Retype, exactly as written, every line from the one containing "양념이 잘 섞였으면 물 150ml와 어묵을 넣고 중불로 끓여 주세요." through the last line of the records below, both included; skip the pictures.

MATERIAL TO PROCESS START

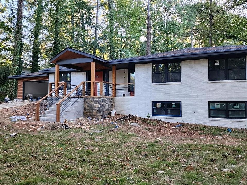 "Stunning Executive Split-Level Home will be Ready end of May 2024". The entire interior is New Construction "not" renovated. In addition, Permitted by the City East Point. The builder removed the entire interior as it was an Empty Shell.....BRAND NEW ALL "Walls/Studs/Floor Joists" from the top to the bottom of this dwelling from side to side was removed, an empty shell remained. Brand New Roof, New Floor Joist on main level, All 4 walls to include room wall studs are brand new studs/wood, New Rough-in Electrical from floor to ceiling. New Plumbing Rough-in. The entire HVAC is new rough-in/Ducts and furnace/outside condensers are brand new. All interior insulation in these walls/attic are new. Again every step has been permitted. The drywall is brand new as well as the all the flooring. We are offering you a 98% Brand New Structure. The Scenic is just as good or better as a 100% Newly Constructed home interior is ALL BRAND NEW. This Split Level offers........ Full Wet Bar for Entertaining.........Home Theater.......Gym........... Located well desirable area blocks from the popular “Downtown District of East Point."  Exquisite levels of high-end finishes! 4 side brick.  The main level offers an extra-large open-concept great room with a vaulted ceiling and custom wood beams. 2-story fireplace. Real Natural Hardwood floors thru out main level. The designer kitchen offers beautiful cabinetry and a beautiful waterfall quartz countertop. ***All Major Kitchen Appliances will be Kitchen Aid***The primary suite is on the main offers his and her closet, spa-like bath and shower with large format tile and rich wood furniture cabinetry. There are three additional bedrooms you can customize to your own taste. All metal staircase windows, and airy high ceiling throughout. Covered outdoor living areas with a large backyard. The terrace level is an entertainer's delight with a designer full wet bar (wine/dishwasher), home theater, bedroom, full bathroom, and gym. Private terrace patio to another outdoor covered living space.
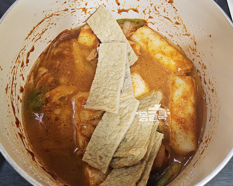 양념이 잘 섞였으면 물 150ml와 어묵을 넣고 중불로 끓여 주세요.
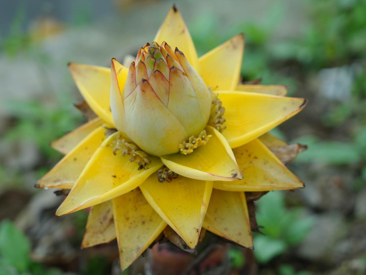 在我印象里,莲花都是长在水里的,沾着水汽,干干净净的,可这地涌金莲,偏长在寺里的红土和水泥地下,像个不挑地方的孩子,凭着一股劲儿往上长。它跟芭蕉沾点亲,是芭蕉科的草本,寺里的几株叶子不算多,反倒把顶端的金黄衬得更亮。寺里的师父说,这花是佛教里的圣花,传说佛祖刚生下来的时候,走一步脚下就开一朵金莲,说的就是它;以前佛陀讲经的时候,也说有 “天花乱坠,地涌金莲” 的吉兆,所以寺庙里种它,既是敬意,也是讨个吉祥。看着红墙下的金黄,听着寺里的钟响,忽然就觉得,这花不娇气,就像从土里长出来的一盏灯,安安静静的,却很稳。
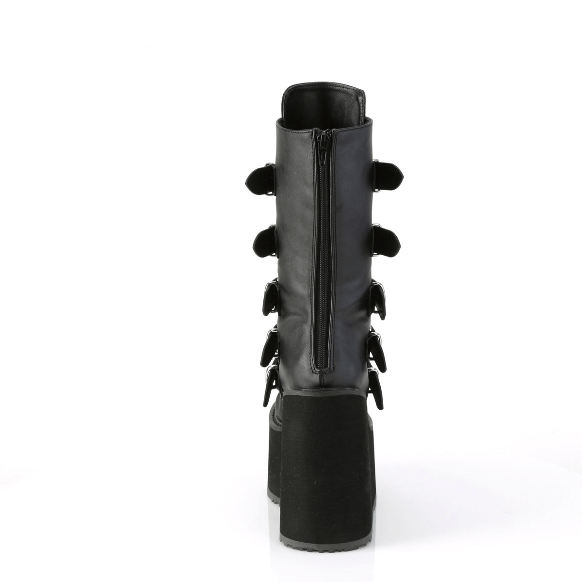 Step into bold fashion with these black platform mid-calf boots, boasting a towering 5 1/2" platform. Featuring five buckle straps adorned with heart-shaped metal plates, these boots offer a unique blend of style and attitude. A back metal zip ensures easy wear, while the vegan leather construction adds durability. Perfect for pairing with distressed jeans or a mini skirt for a fierce look.
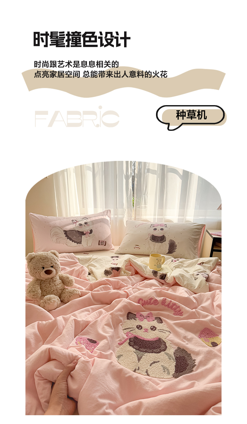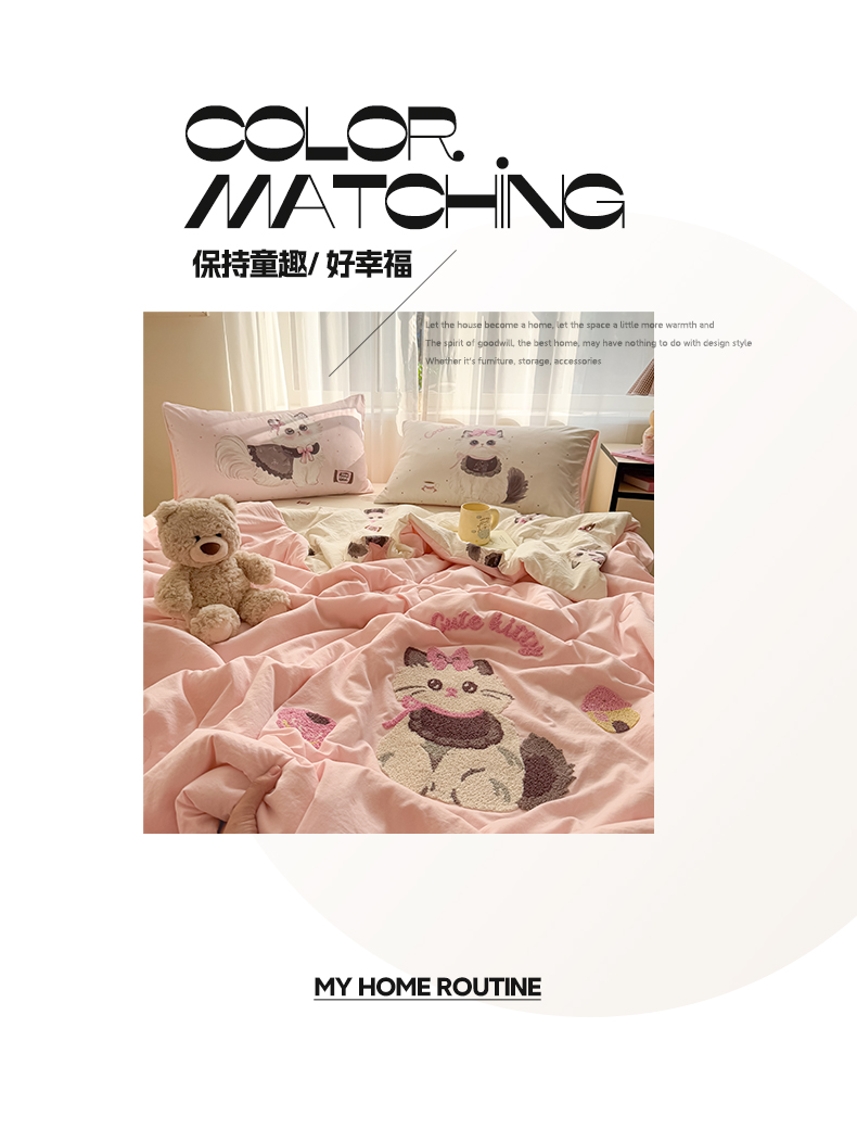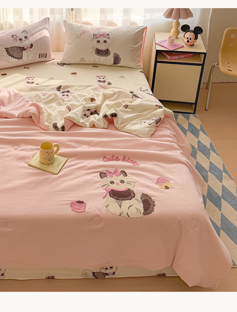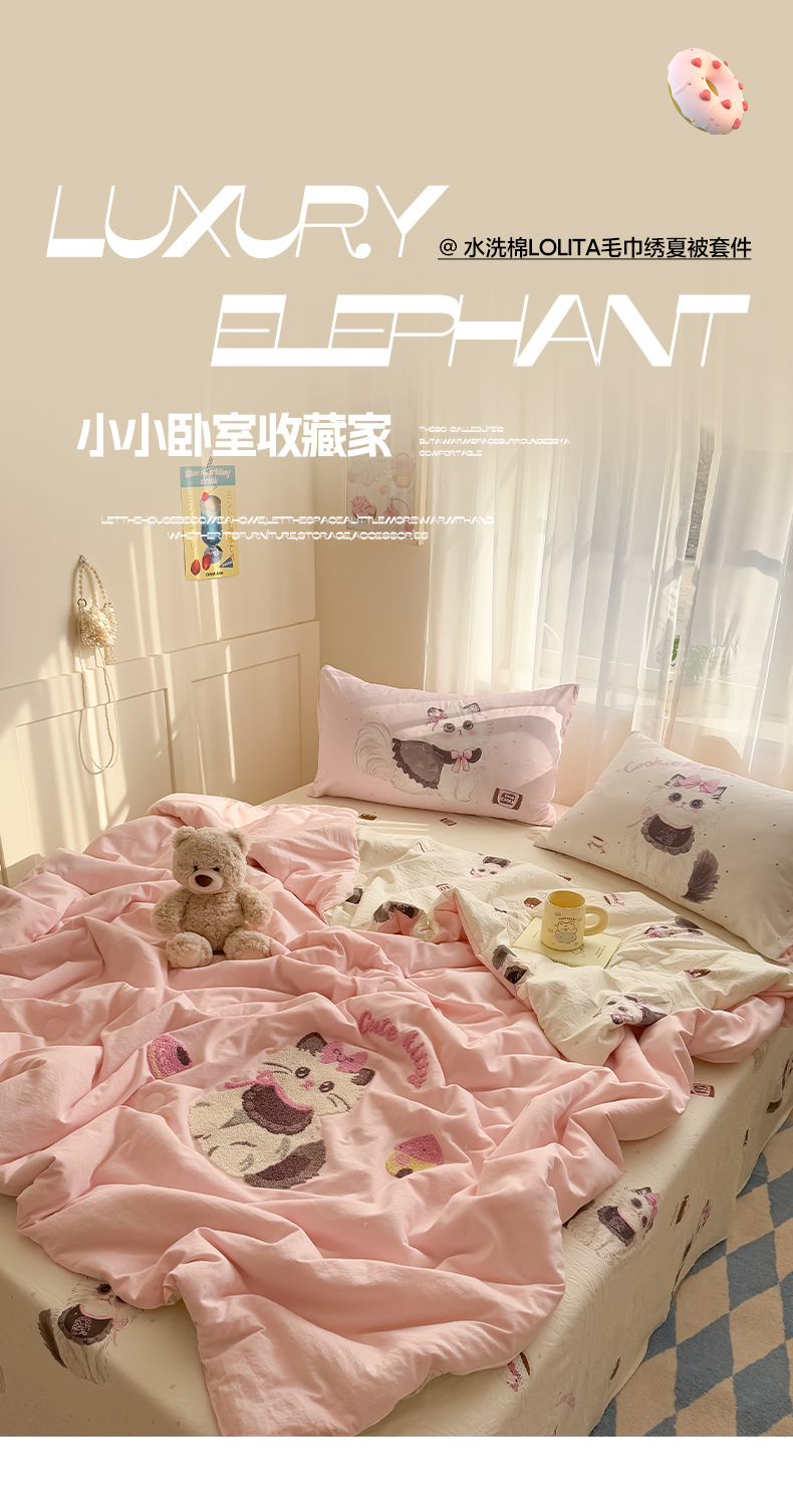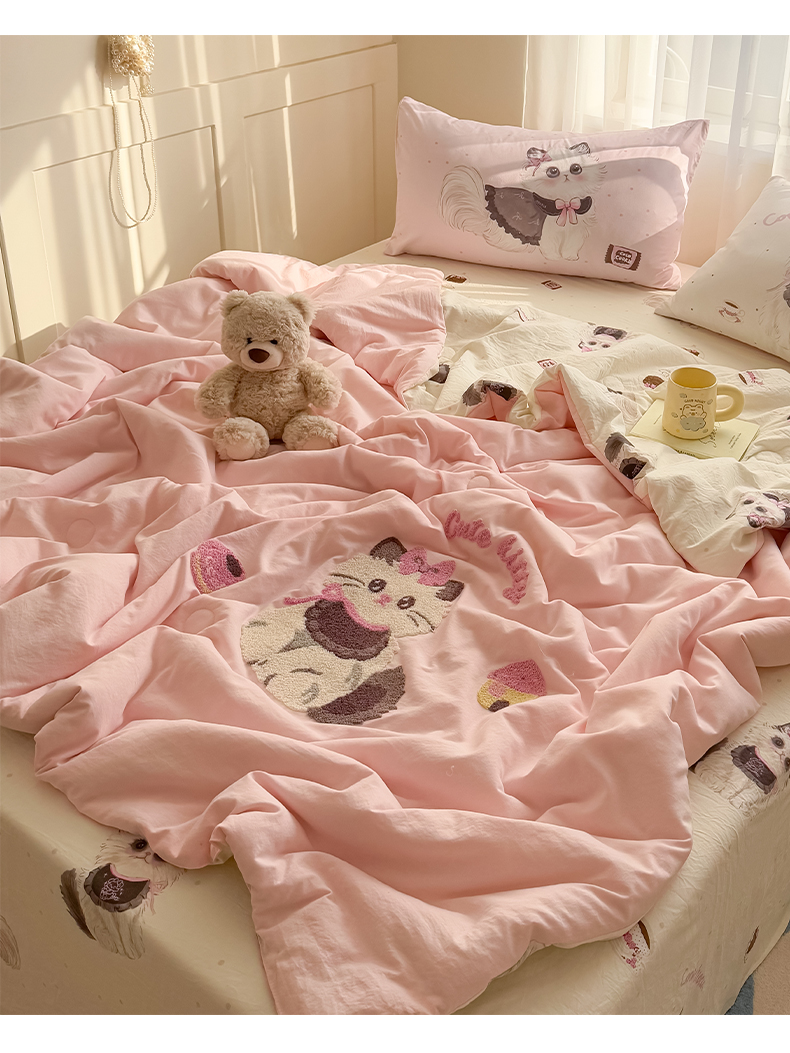 贝扬思 2025新款Lolita毛巾绣夏被套件 草莓布偶猫

MATERIAL TO PROCESS END

EXERCISE RESULT:
 양념이 잘 섞였으면 물 150ml와 어묵을 넣고 중불로 끓여 주세요.
 在我印象里,莲花都是长在水里的,沾着水汽,干干净净的,可这地涌金莲,偏长在寺里的红土和水泥地下,像个不挑地方的孩子,凭着一股劲儿往上长。它跟芭蕉沾点亲,是芭蕉科的草本,寺里的几株叶子不算多,反倒把顶端的金黄衬得更亮。寺里的师父说,这花是佛教里的圣花,传说佛祖刚生下来的时候,走一步脚下就开一朵金莲,说的就是它;以前佛陀讲经的时候,也说有 “天花乱坠,地涌金莲” 的吉兆,所以寺庙里种它,既是敬意,也是讨个吉祥。看着红墙下的金黄,听着寺里的钟响,忽然就觉得,这花不娇气,就像从土里长出来的一盏灯,安安静静的,却很稳。
 Step into bold fashion with these black platform mid-calf boots, boasting a towering 5 1/2" platform. Featuring five buckle straps adorned with heart-shaped metal plates, these boots offer a unique blend of style and attitude. A back metal zip ensures easy wear, while the vegan leather construction adds durability. Perfect for pairing with distressed jeans or a mini skirt for a fierce look.
 贝扬思 2025新款Lolita毛巾绣夏被套件 草莓布偶猫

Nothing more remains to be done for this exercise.